Extract the stretch of lines that starts at the line with "In this work, we" and ends at the last line of the data below. Give it exactly, without pictures.

> [Collected material]
☆ ☆ ☆ ☆
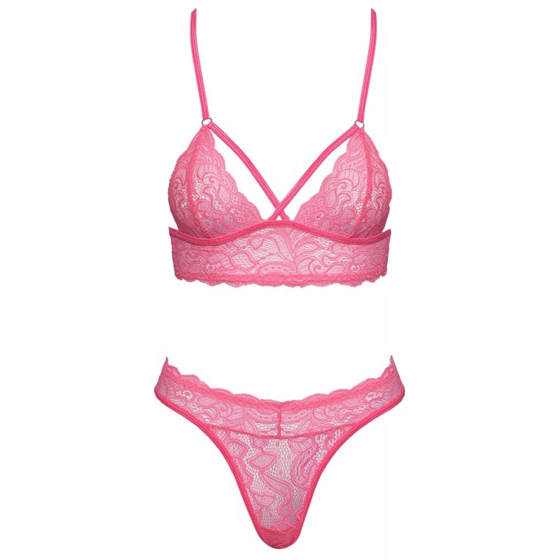 Ensemble de lingerie de Cottelli FANTASY avec soutien-gorge doux et string. Entièrement en dentelle rose fluo. Doux et élastique sur tout le pourtour. Soutien-gorge dos nu avec lanières élastiques sur les bonnets doux. Empiècement en dentelle dans le dos libre et entrejambe réglable.
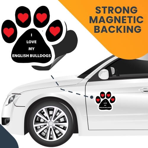 I Love My English Bulldogs Pawprint Car Magnet 5 Paw Print
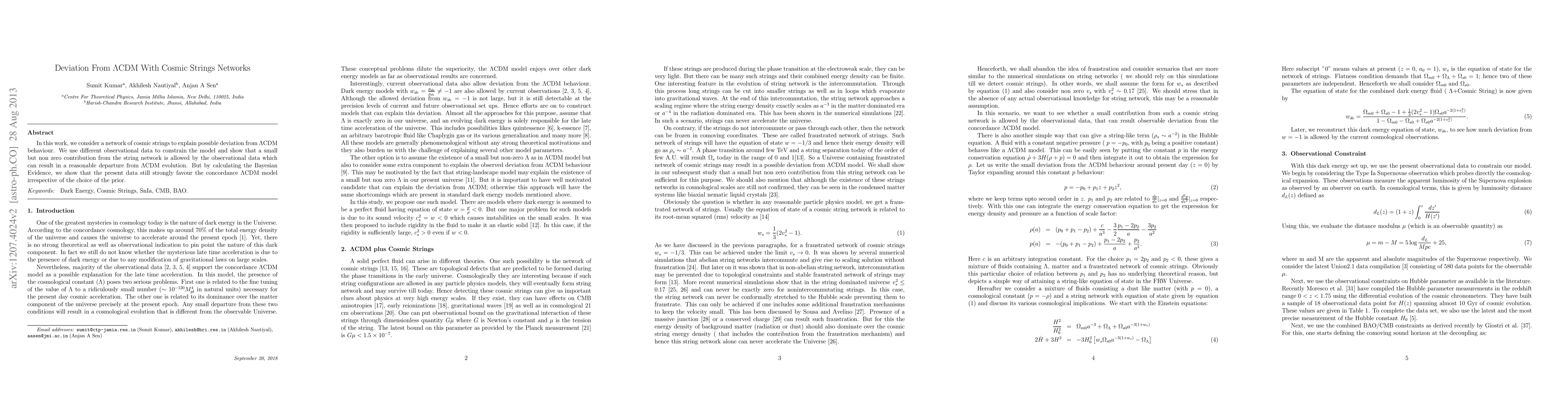 In this work, we consider a network of cosmic strings to explain possible deviation from \Lambda CDM behaviour. We use different observational data to constrain the model and show that a small but non zero contribution from the string network is allowed by the observational data which can result in a reasonable departure from \Lambda CDM evolution. But by calculating the Bayesian Evidence, we show that the present data still strongly favour the concordance \Lambda CDM model irrespective of the choice of the prior.
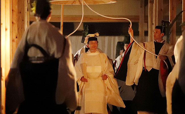 Japanese Emperor Naruhito, dressed in pure white robes, was ushered into a dark wooden hall by torchlight on Thursday night to start his last major accession rite after becoming emperor this spring: spending the night with a goddess.
☆ ☆ ☆ ☆
> [Expected answer]
 In this work, we consider a network of cosmic strings to explain possible deviation from \Lambda CDM behaviour. We use different observational data to constrain the model and show that a small but non zero contribution from the string network is allowed by the observational data which can result in a reasonable departure from \Lambda CDM evolution. But by calculating the Bayesian Evidence, we show that the present data still strongly favour the concordance \Lambda CDM model irrespective of the choice of the prior.
 Japanese Emperor Naruhito, dressed in pure white robes, was ushered into a dark wooden hall by torchlight on Thursday night to start his last major accession rite after becoming emperor this spring: spending the night with a goddess.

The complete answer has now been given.